I need to get better at uniformity - and I'm not sure this is the best recipe out there, so I'm not posting the recipe. But I'll keep looking, and trying, until I have the right one to share!

The point of this post is - to not be afraid to try. It won't always be perfect, but it will always be homemade, and made from the heart. And THAT is what it's all about.


Saturday, March 29, 2014

when in Rome....

You know the saying. "When in Rome, do as the Romans do."

I like to apply that to my food. (Imagine that!)

We travel a lot. Not glamorous vacations in high-end resorts, but typically road trips, with the destination being a family member or close friend. And the best part of road trips is seeing everything along the way. We have road tripped out west, down south, to the east, and even Route 66. One of my favorite things to do on road trips is sample the local foods - finding small, out of the way eateries that specialize in some of the local favorites.

Being the foodie that I am, I often come home from the trips wanting to recreate what I've enjoyed on my road trip. My family is even guilty - asking me to make something they've had on a trip. I learned early on that living in a small Midwestern town, I don't always have access to ingredients needed. And I have learned to improvise, making muffaletta olive salad from scratch when it wasn't found in the store.

But I am wiser now.

So while other people bring back shot glasses, artwork, and postcards, I bring home souvenirs that will help me in the kitchen - seasonings, condiments, and even chicory. I will even bring back meats, cheeses, and of course wines and beers to enjoy once we are home. (Again the perk of road trips - room for more to bring home!)

We returned a couple of weeks ago from an extended vacation to New Orleans and Memphis. While I've been to New Orleans several times, I had never spent time in Memphis. With family and friends in both places, we got to enjoy amazing local foods - both homemade and in restaurants. My new favorite from New Orleans would have to be the boudin sausage, and from Memphis of course - we had amazing ribs.

So I brought home my souvenirs from both places -a couple of seasonings, the chicory I can't find here locally, as well as the muffaletta salad, and some amazing rib marinade to try.


For me, it allows me to not only play with some new foods, but it makes our vacation last a little bit longer, as we remember our favorite parts of the vacation while enjoying some of that amazing food back home.

So next time you're a world traveler, think about bringing something home for your kitchen. It will give you a reason to try some new recipes!

Saturday, March 22, 2014

Italian style cabbage rolls - deconstructed!
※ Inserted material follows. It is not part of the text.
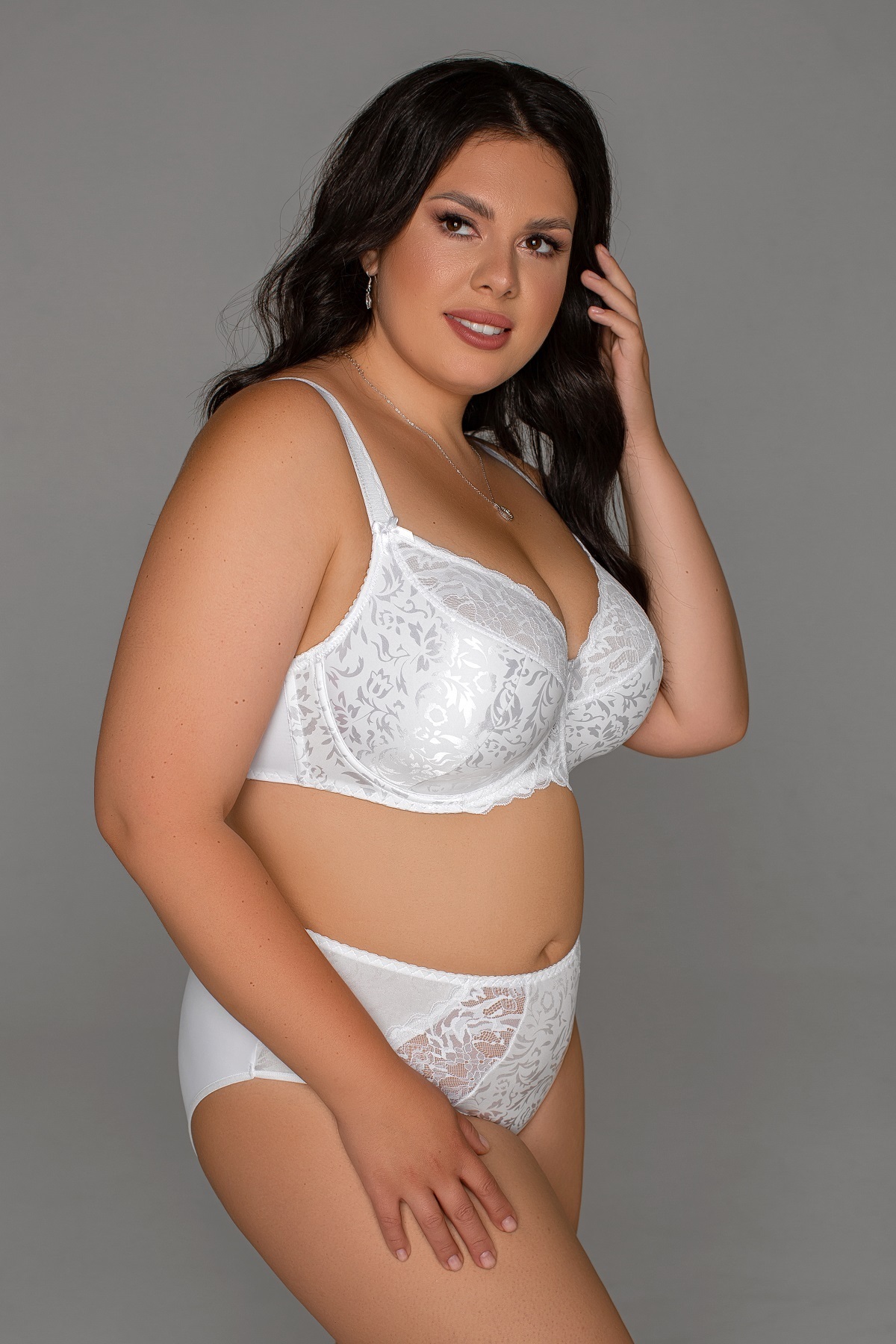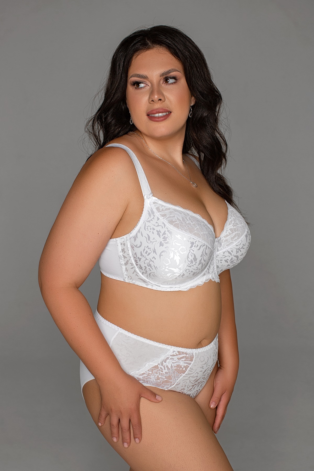 Бюстгальтер с комбинированной чашкой (полупоролон). Верх чашки выполнен из эластичного кружева с дополнительным нижним слоем из эластичной сетки, низ чашки продублирован поролоном. Материал сочетается с благородным кружевом. В модели предусмотрены подгрудные, а также боковые косточки. Модель имеет улучшенную конструкцию, которая обеспечивает отличную посадку на фигуре и придает красивую форму груди. Застежка во всех размерах на широкие (57 мм) крючки-петли. В размерах 75G, 80G-90G, 80H-90H, 95G боковая часть пояса бюстгальтера усилена слоем сетки.
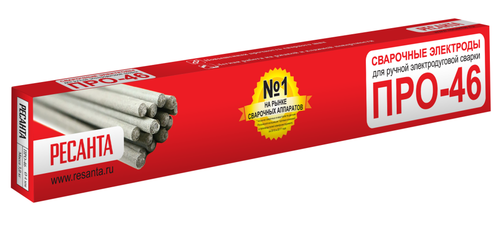 Сварочные электроды РЕСАНТА ПРО-46. Малочувствительны к качеству подготовки кромок свариваемых деталей. Позволяют проводить сварку оцинкованной, окрашенной, загрязненной и слегка ржавой стали, а также на обильно увлажненной поверхности. Обладают повышенной, на 20% большей, прочностью сварного шва по сравнению с электродами марки МР-3 Позволяют выполнять сварку на предельно низких токах во всех пространственных положениях, в том числе ''сверху вниз''. ПРО-46 просты в применении даже для начинающих сварщиков, в сравнении с моделями основных конкурентов, т.к. отличаются более легким начальным и повторным поджигом, мягким и стабильным горением дуги. Малые потери металла от разбрызгивания Отличное формирование металла шва Легкая отделимость шлаковой корки Возможность проводить сварку на переменном и постоянном токах.

Hope you all have your coffee in hand! Time for another round of Saturday morning coffee with Missy! I've been gone for awhile - a long vacation, and then a family issue, but I'm back, and cooking in the kitchen!

I saw a post floating around  for a cabbage roll dish - in a pot on the stove. Knowing I had a half a cabbage left in the fridge from St. Patrick's Day's corned beef and cabbage, I thought I'd put my own twist on it.

I started by browning up some amazing local ground beef with onion and garlic. Once browned, I added in Italian diced tomatoes, some chopped cabbage, and some cooked orzo (I always have some cooked grains in the fridge for easy meals - orzo went well with the Italian twist on the dish!). I added some salt, and seasonings, and had a wonderful dinner for this cold spring day in Wisconsin. Paired with fresh Italian bread from the oven, I think my husband will enjoy dinner tonight!


Italian Style Cabbage Rolls - Deconstructed!
1 Tbsp. olive oil
1 lb. ground beef
1/2 medium onion, chopped
2 cloves of garlic, minced
28 oz. can Diced Italian Tomatoes
1 cup cooked orzo
1/2 medium head of cabbage, chopped
1 tsp salt
1 tsp dried Italian sesasoning


In a large deep saute pan, or a large sauce pan, brown meat with onion and garlic until meat is browned and vegetables are softened. Add canned tomatoes and juice, cooked orzo, salt, Italian seasoning, and chopped cabbage. Cover and simmer untlil cabbage is soft, about 20-30 minutes.

The beauty of this dish - you could use pork sausage instead of ground beef, 
cooked rice instead of orzo... It's an easy dish to modify, to make to your family's tastes. Enjoy!